Lower leaf of Betony: the stalk is longer than the leaf-blade, and the basal leaves form a persistent rosette.
The day dawned bright but unsettled after a stormy night that brought down many small branches, with the news that an outdoor concert in the local market town was disrupted by lightning, sending several people to hospital. One may imagine that once a paid-for concert is under way, a few rumbles of thunder and a little rain do not necessarily cause instant abandonment of the event: a direct hit is of course another matter.

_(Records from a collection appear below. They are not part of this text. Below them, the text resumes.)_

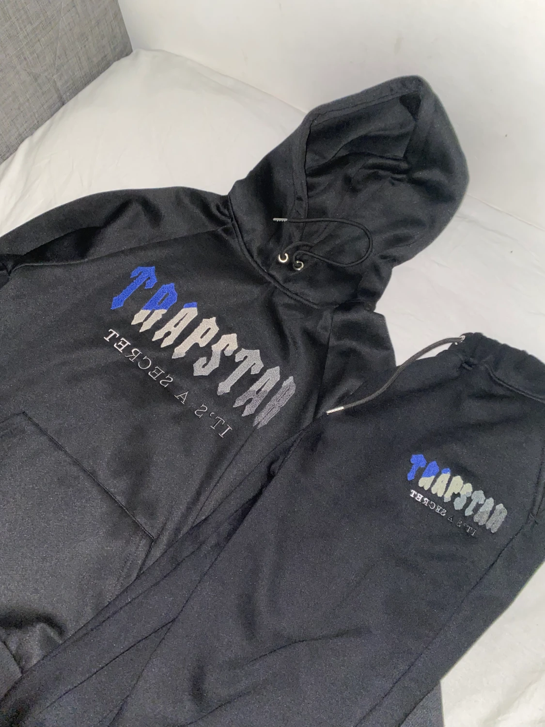 Svart och mörkblå Trapstar tracksuit Aldrig använt Eftersom den var för liten Storlek M Pris kan diskuteras Perfekt för vintern eftersom den är jätte bekväm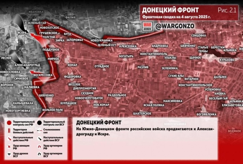 На Южно-Донецком фронте российские войска продвигаются к Александрограду и Искре.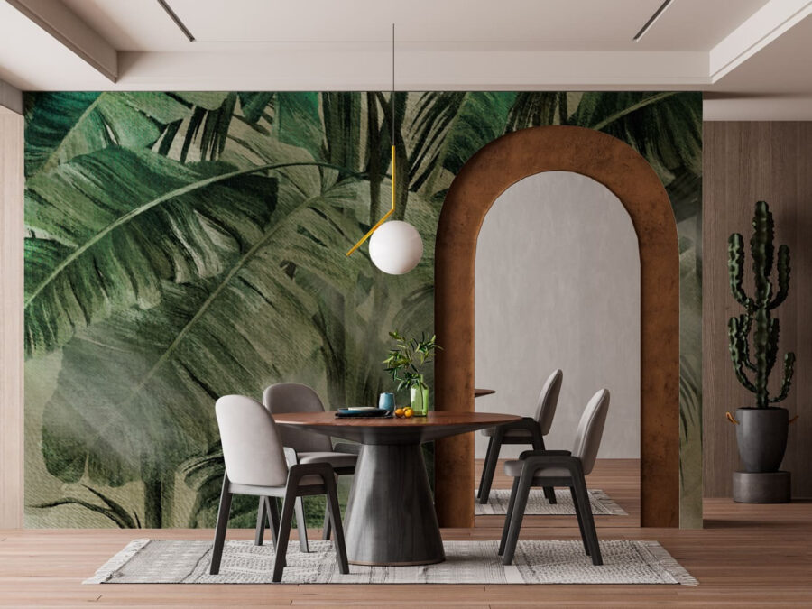 Imagínese que se despierta y lo primero que ve es la luz del sol atravesando exuberantes hojas verdes, justo ahí, en su pared. Este mural es como si hubieras trasplantado un trozo de paraíso tropical a tu casa. Ahora, no necesitas irte de vacaciones para sentir esas vibraciones isleñas: lo tienes ahí mismo, en tu salón, dormitorio o donde decidas colocarlo. No es una obra de arte cualquiera; es una transformación. Las grandes hojas de palmera casi se balancean, proyectando suaves sombras que parecen bailar a la luz del sol. Te parecerá oír el canto de los pájaros. Perfecto para cualquiera que haya soñado con estar rodeado de naturaleza, incluso un lunes por la mañana.

I made use of the cool weather to cut a low branch from the Yew tree, giving shady space to walk and sit on the lawn. The Yew is next to a (very good) Fig, but the two could not be more different. The Fig rapidly sends out a cluster of long flexible shoots that quickly flop over and block the way; they are soft but brittle, and are easily sliced off. In a hard winter, all the above-ground parts of the tree died back, but it soon shot up again; none of the branches are specially long-lived, even the thickest of them. The Yew grows around a single vertical axis, where the seedling grew half a century ago. It is still, as Yews go, a young tree: some live a thousand years or more. The wood is tinged with a rich deep winy red, and is hard, tough, and springy. It was the perfect choice for making longbows: durable, water-resistant, practically impossible to break. Sawing through it is a challenge. Below the cut branch, I saw after felling it, was a little clump of Collared Parachute mushrooms, which Sterry and Hughes record as ‘very rarely under conifers’. I suppose Yew is not a typical conifer.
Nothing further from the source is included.